The Doctor took it upon himself to try and open one of the tall windows, but it stayed stubbornly closed. As he peered through the yellowing net curtains at the distant awakening town, he glanced down and found something on the windowsill. A book. He picked up the small object and carefully opened the first page. It seemed to contain a scribbled circuit diagram, and further rambling pages of notes followed.

‘A scientific journal,’ mused the Doctor. ‘How very interesting. Read on, Doctor? Well, you know reading other people’s diaries is against your moral code, but in this case…’

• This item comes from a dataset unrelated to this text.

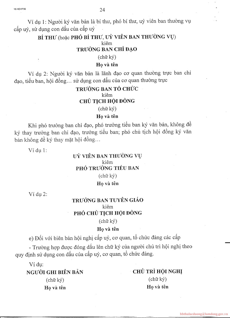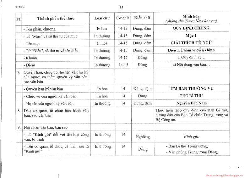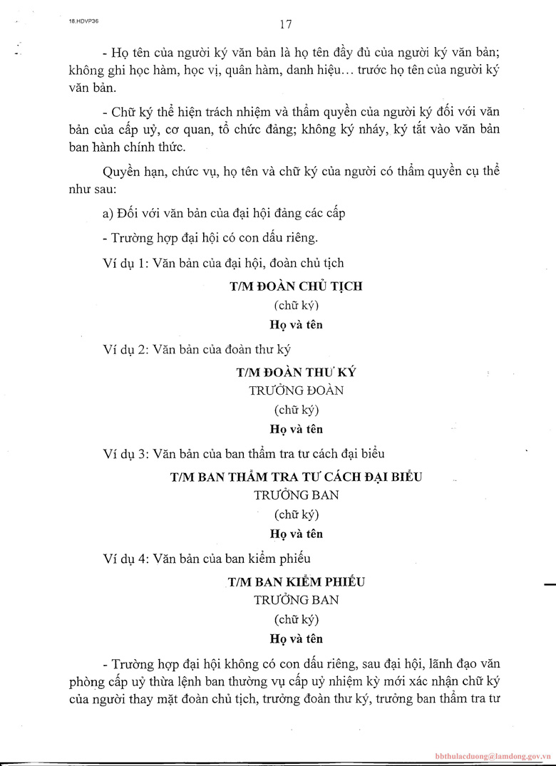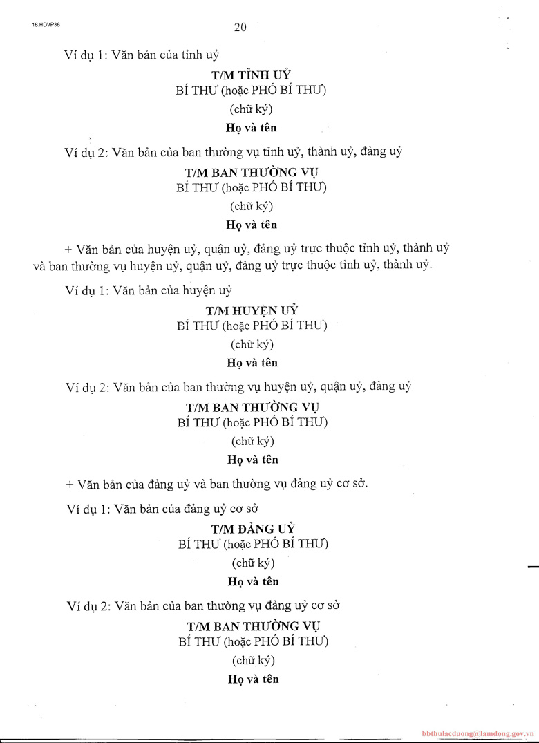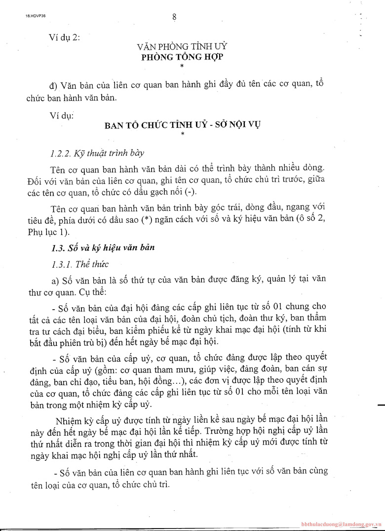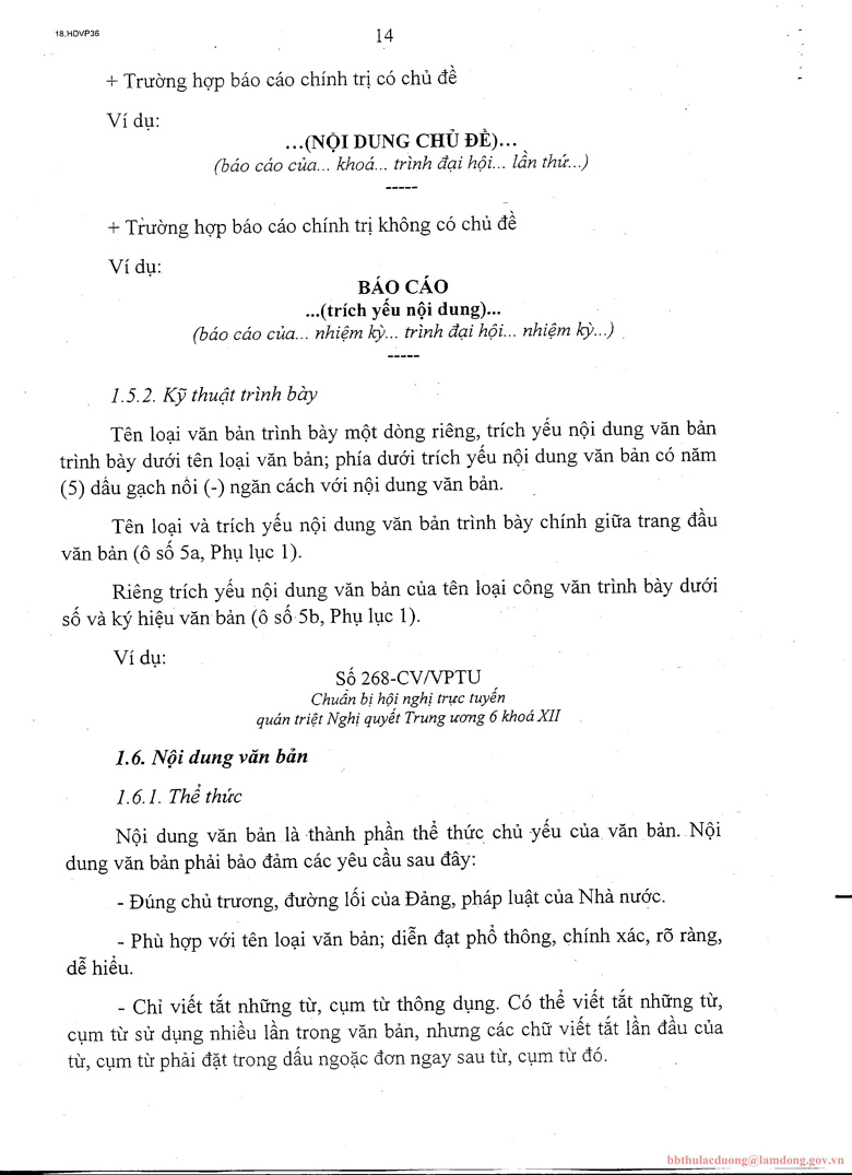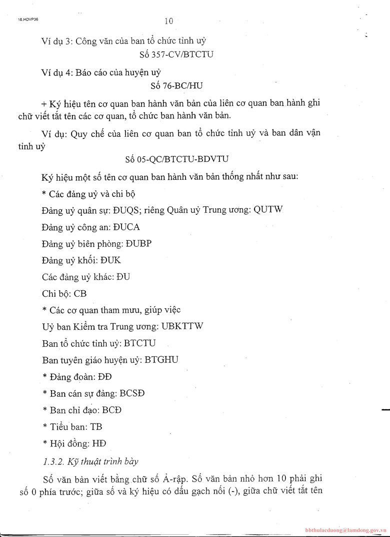 Hướng dẫn 36 về thể thức và kỹ thuật trình bày văn bản của Đảng

He turned another page, and drew in breath. Printed in bold ink letters was a name that the Doctor recognised. A name that chilled him to his bones. The name was Invigh Endlemann.

‘Endlemann… but he disappeared,’ the Doctor murmured to himself. ‘On the planet Vrij! How very odd that his diary should find its way here.’

‘Tea up!’ called Vera, pushing open the door with her tray. The Doctor was no longer smiling.

‘What is this?’ he demanded, holding out the notebook. Vera went pale.

‘What do you know?’ he continued. ‘What is going on Vera?’

Vera sunk onto the sofa, crestfallen.

‘Oh, Doctor,’ she said. ‘I’ve been a stupid old woman…’

‘I think it’s time you told me everything.’




In the kitchen a worried man with a worried mind walked in and took off his battered Fedora hat that had obviously seen better days. Professor Endlemann glanced with distaste at a pan full of charred eggs, which was gently smoking on the stove.

He had been disconcerted to discover that on his way back from the village he had been followed all the way by the girl he had seen last night as he dumped the body of Hansen. It was serendipity her being there at the right time to be framed for the murder. It could have taken the gaze of the Waterguards off them for a while. Obviously that fool Humba was not as stupid as he seemed to be.

A stranger on Gidi was cause enough for concern, but with the work they were doing… luckily, he had taken a diversion through the woods and lost her, but she would have to be taken care of. He walked to some stone steps at the other end of the room. Descending into the gloominess, he shook his head absentmindedly.




As Endlemann reached a door set into the wall at the foot of the steps, he heard an excited yelp from the other side. Puzzled, he nervously opened the door to see a rapturous Cy, dancing round.

‘Endy!’ Cy screamed. ‘Come and see what’s happened!’

‘What’s happened?’ Endlemann asked nervously, following him. Cy pointed to the tank at the far end of the cellar laboratory. The curtain had been pulled apart.

‘My God! It’s… It’s…’

‘Fabulous!’ exclaimed Cy. ‘Its alive! The Protii is alive!’

In the tank, swimming within the green goo, was a creature, part-insect, part-dinosaur. Skeleton wings were folded back against its thin frame. A tail flicked gently against the sides of the tank, and its mouth bore two pincers, that snapped inaudibly. Most frightening of all, were its bulbous green eyes, which flicked open and stared at them both from within its glass prison. It chittered, and unheard by its two onlookers, came a soft reply, chanting and waiting.

‘Born of anger, born of evil. Born of anger, born of evil…’




Upstairs in Cy’s bedroom, Nick had finished getting dressed. Suddenly, something hit him; a shockwave of pain that rocketed through his entire body. He cried out, and beneath it all, as if sliding under his skin like a sonic vibration, he could hear the words again, this time even more clearly and with ever growing intensity. His mouth moved to echo them.

‘Born of… anger…’ Nick whispered, suddenly calm again. ‘Born of… evil… Yes. Yes, I understand. I can hear you. I’m here. I AM you.’




In the cellar, Cy breathed out and watched the creature in the tank.

‘You shall live again,’ he whispered. ‘You must live again.’

‘How has this happened?’ Endlemann asked, to which Cy simply smiled.

‘I’ve found the key to unlock the power of the Protii,’ he replied. ‘And his name… is Nick.’